I am running into a weird deadlock situation in my code using Python 3.8. The implementation kicks off a separate Process to perform some operations on a PDF/XPS file and then return the results. Occasionally, it will never return, and I am perplexed why it is happening. I cannot show the entire implementation but it is structured like this:
def parent_function():
... (other code)
results_queue = multiprocessing.Queue()
child_process = multiprocessing.Process(target=_process_pdf_pages, args=(original_file, arg1, arg2, arg3,..., results_queue))
child_process.start()
logger.info('BEGIN results = results_queue.get()')

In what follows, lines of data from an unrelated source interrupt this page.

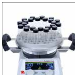
Base Plate and Handles
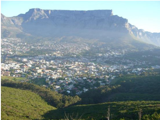
Photo 1: View of Table Mountain from Signal Hill (04/03/09). The City Bowl reinforces the image of affluent area isolated from the rest of the metropolis.

Photos 1 and 2: City Bowl and Cape Flats, when topography emphasises socioeconomic differences.
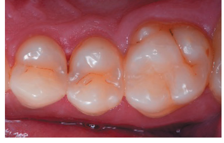
14. 2 weeks control.
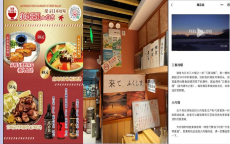
Left: Promoting Kagoshima Prefecture's Satsuma-age (fried fish cakes) and Shochu (Japanese distilled spirit)
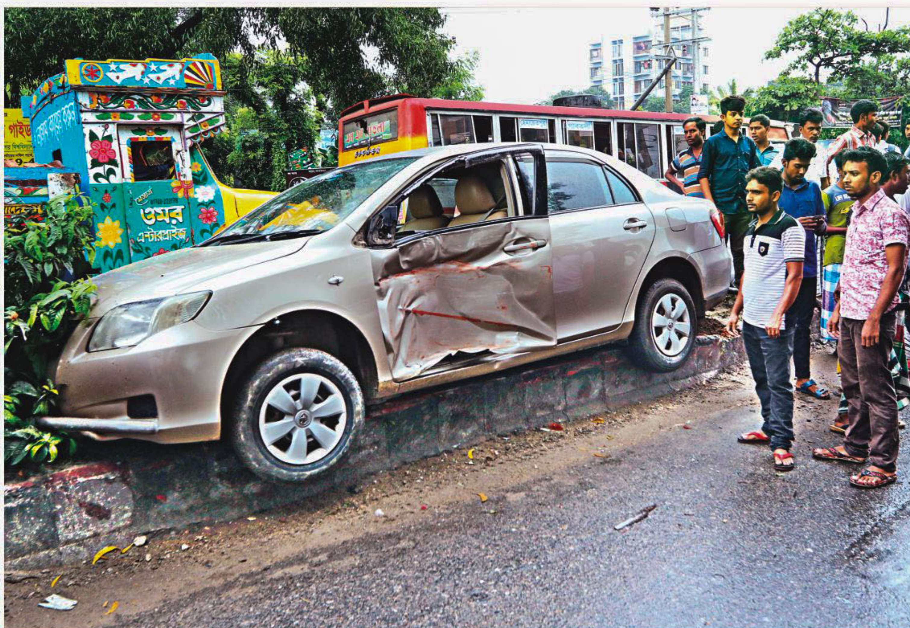
People gather near a battered car, on the central reservation of the Dhaka-Aricha highway. The vehicle was side-swiped by an Itihas Paribahan bus, while the bus was overtaking it at around 10:00am yesterday. The accident comes amid growing demands for ensuring road safety.
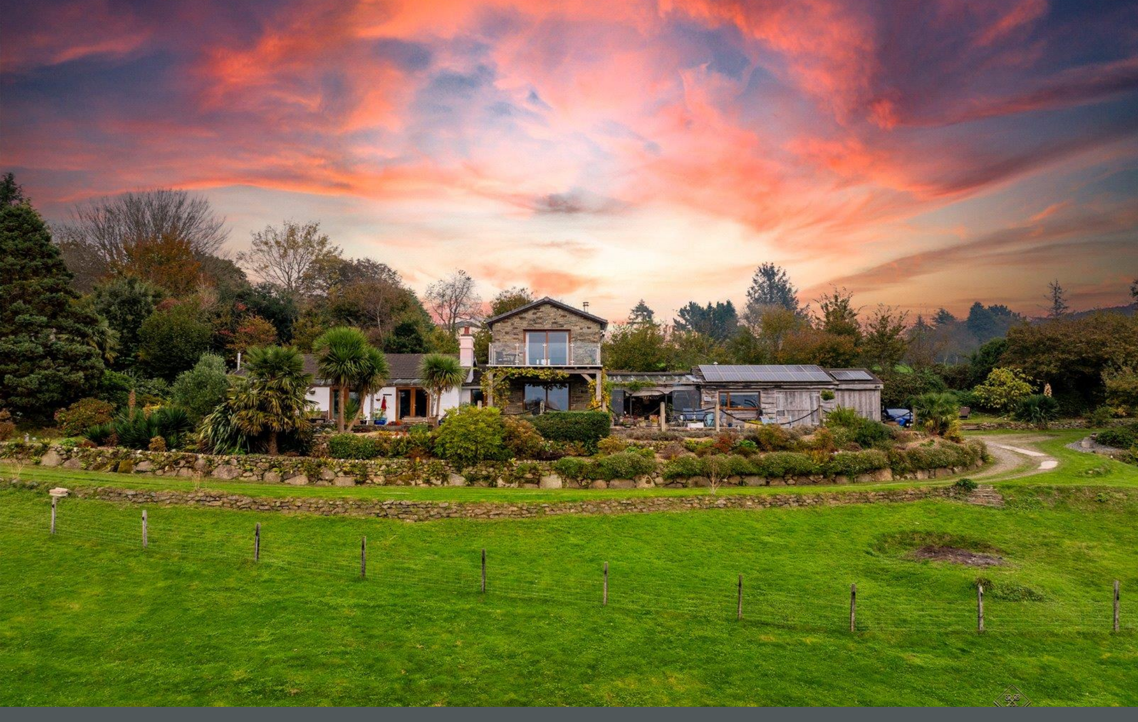
Kelly Gardens, Calstock, Cornwall, PL18
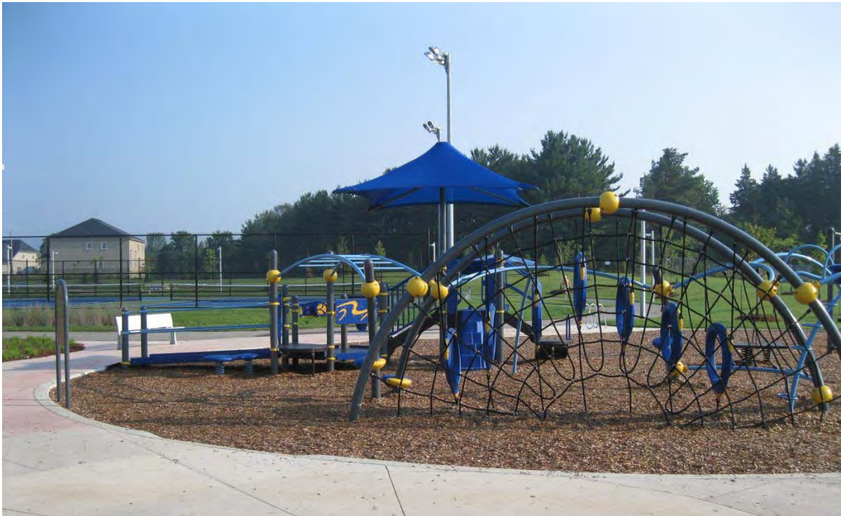
Twelve Oaks Park

SAFETY SURFACING: -wood carpet engineered mulch

results = results_queue.get()
logger.info('END results = results_queue.get()')
... (other code)
def _process_pdf_pages(original_file, arg1, arg2, arg3,..., results_queue):
try:
logger.info('{} Started reading PDF/XPS file {}'.format(dt.datetime.now(), original_file))
... (other code)
logger.info('{} Finished reading PDF/XPS file {}'.format(dt.datetime.now(), original_file))
... (other code)
logger.info('Child process returning result')

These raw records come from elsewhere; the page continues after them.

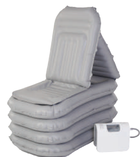
MANGAR Eagle Lifting Cushion
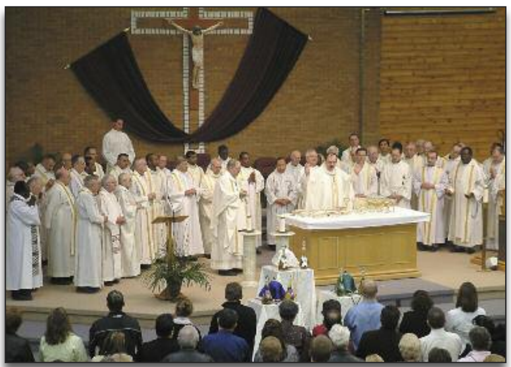
Diocesan Chrism Mass Priests and parish representatives from across the diocese gathered at the start of Holy Week for the diocesan celebration of the Chrism Mass, in which the bishop blesses the sacred oils that are then taken back to parishes for celebration of the sacraments over the next year.

For more information about the history of the project, the reasons for undertaking it at this time, and the vision for the Uniting in Faith campaign, please visit the website: www.unitinginfaith.ca
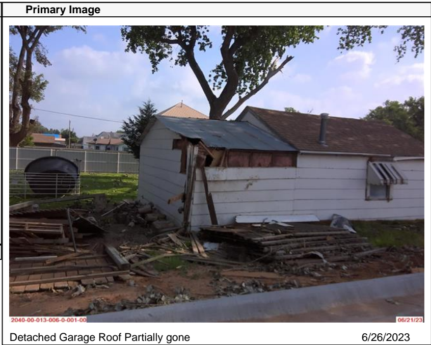
Detached Garage Roof Partially gone 6/26/2023
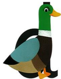
over his back and around the tail, up his neck and down to his feet
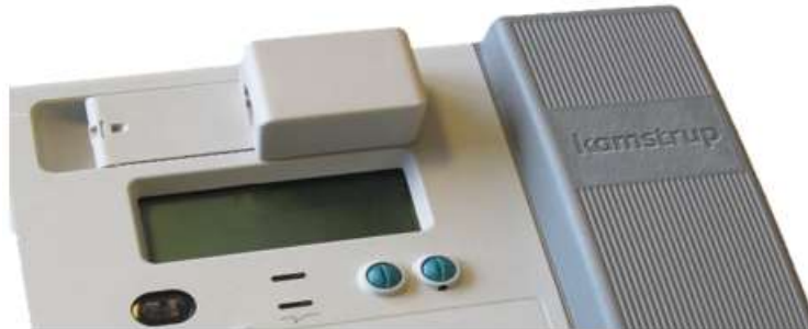
Figure 1. OMNIPower® meter with a HAN-NVE module

This interface specification describes the interface of the HAN-NVE module developed for OMNIPower® electricity meter used in OMNIA® Suite AMR systems.
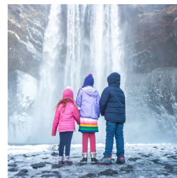
The North Face

results_queue.put((arg1, arg2, arg3...))
except Exception as e:
logger.error('Child process encountered error: {}'.format(e))

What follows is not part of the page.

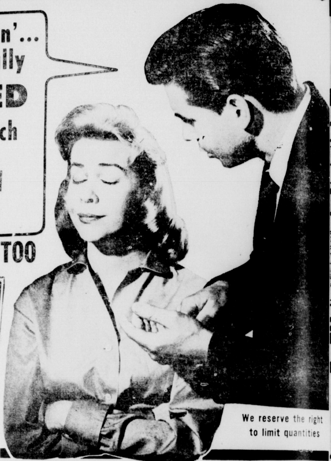
We reserve the right to limit quantities

No kiddin'... You really SAVED that much at MARTIN JONES?
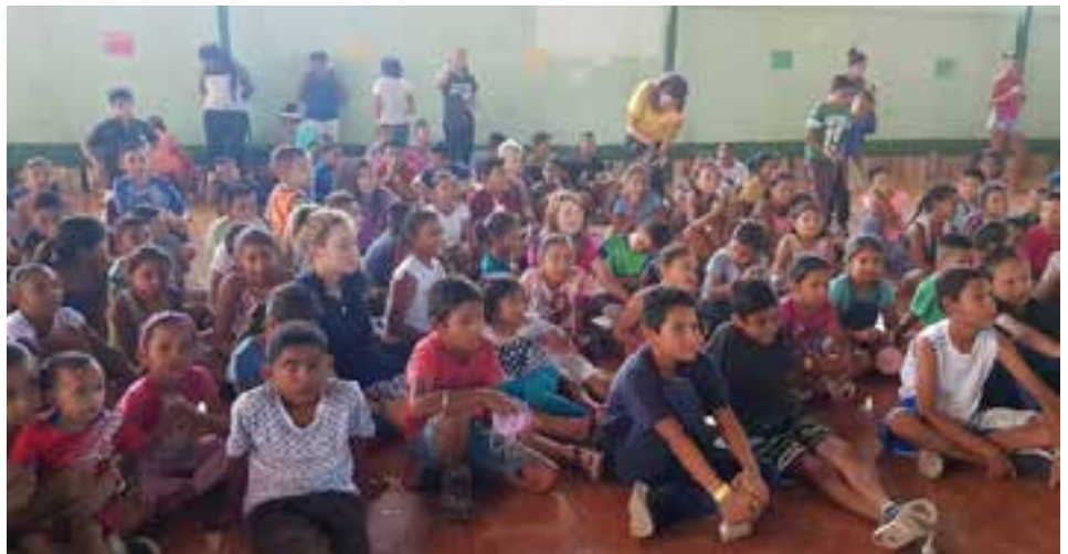
VBS group time

logger.error(traceback.format_exc())
logger.info('Child process returning result')
results_queue.put((arg1, arg2, arg3...))
Whenever this code deadlocks, I see the following lines written in the logs and nothing after this:
2023-06-20 14:12:55 BEGIN results = results_queue.get()
2023-06-20 14:12:55 2023-06-20 14:12:55.075017 Started reading PDF/XPS file my_file.pdf
2023-06-20 14:12:55 2023-06-20 14:12:55.745496 Finished reading PDF/XPS file my_file.pdf
Strangely, I do not see the message the child process prints out just before it calls .put on the queue, but it does appear to be a deadlock because I don't observe any CPU usage indicating the child process was still busy and I know by experience that it only takes a few seconds to process these files.
Is there anything I'm doing wrong with the order of operations that is causing this problem?